Application of neural networks to the search of objects in an image

 

Yurii Yakymenko1 and Vitalii Dzyuba1

 

1Faculty of Electronics, National Technical University of Ukraine “KPI”, 03056, 16 Polytechnichna st., room 201, Kiev, Ukraine; e-mail: dzyuba@ee.ntu-kpi.kiev.ua

 

 

The pattern recognition is one of fundamental problems, whose solution implies classification of objects on images. For identification of images various systems of technical vision are used permitting to find a certain object on the image, and to identify it. As a rule, the methods of search are aimed to solving some specific problem for a certain class of objects, so that the problem of creating an instrument aiding in seeking for various objects on images is a pressing task. The purpose of this work consists in development of a neural-network algorithm with high ability of classification — in order to seek effectively for different classes of objects on images. An integral part of the detector responsible for the search represents a neural network falling in the class of associative-type computation devices.

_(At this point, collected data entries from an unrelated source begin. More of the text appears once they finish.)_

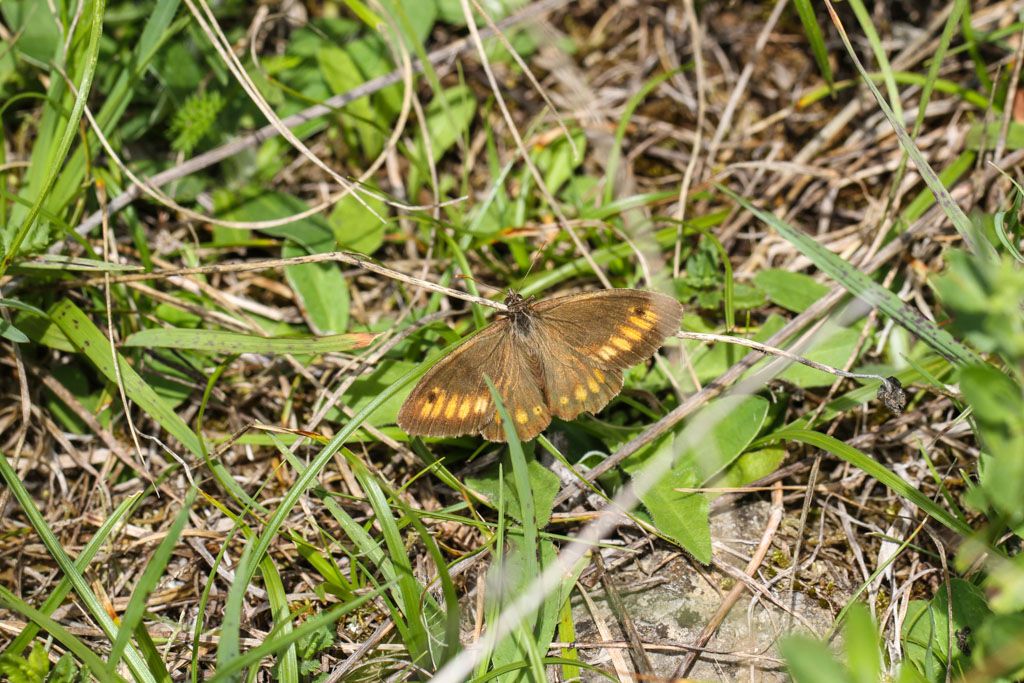 Arethusana arethusa, Männchen beim Sonnenbad.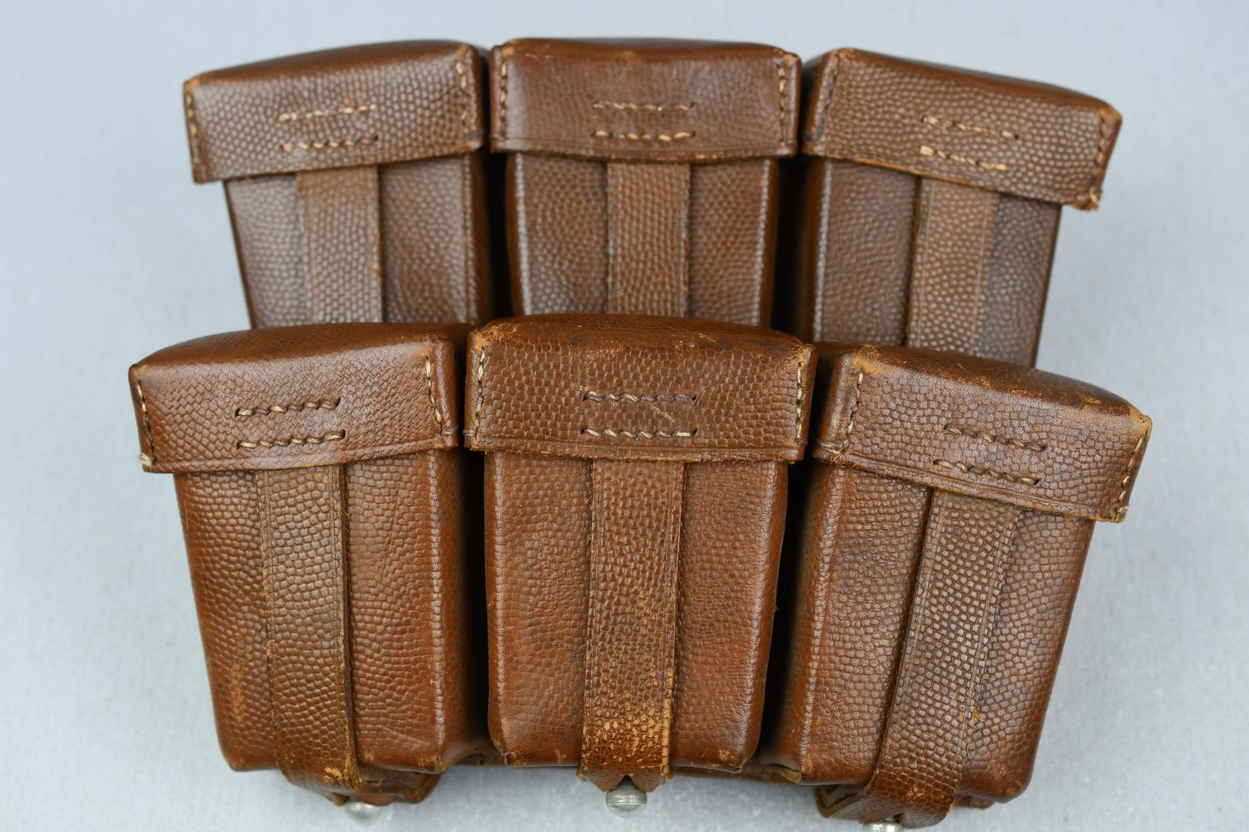 RARE matching set of brown leather K98 ammunition pouches by C. Budischowski Wien 1939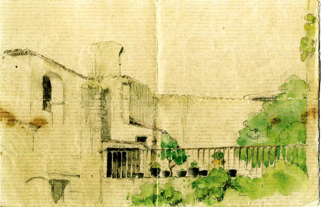 Còpia digital d'un full amb l'apunt a aquarel·la d'una de les terrasses del mas Bru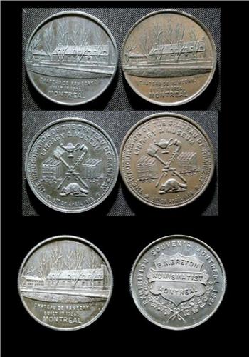 1896 Lot of three medals, two commemorating the Inauguration of the Château de Ramzey Library and Museum and the third to commemorate the Montreal Exhibition. Two White medal and one Copper example. Also includes PN Breton Exhibition Souvenir Montreal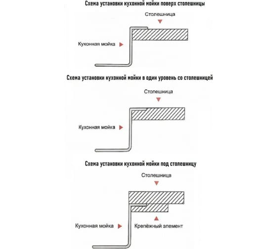 Универсальный монтаж - врезной, подстольный и в один уровень со столешницей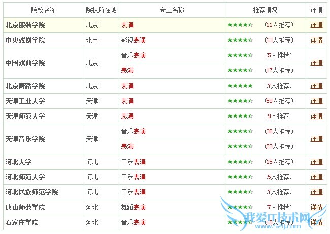 推荐专业源自高校学生实名推荐数据。当前累计投票数量超过270万人次。通过实名注册的高年级学生或毕业生,根据本校各专业办学情况进行投票,推荐优势专业或特色专业。下图仅展示了部分高校表演专业推荐情况,星号为推荐指数。点击图片可查看更多专业推荐数据。

The learning of the network, i.e. its ability to identify different objects, was carried on with the use of the AdaBoost magnification method. For the objects we took images of human faces and eyes, images of car number-plates, and of passive components on a printed circuit board. To perform teaching and testing the detector, we have developed a package of programs were written in the C++ programming language and compiled in Microsoft Visual Studio 2005. As shown by the tests, the newly developed approach to search for different classes of objects with the use of a neural network is very effective. According to the tests, the percentage of correctly identified objects of the selected images was 99.8% when checking human faces, 98.9% for human eyes, 96.2% for car number-plates, and 96.4% for passive elements on a PCB. The obtained results confirm high performance of the neural network, which turns out to be a versatile instrument adding to right and efficient finding of different classes of objects on different images.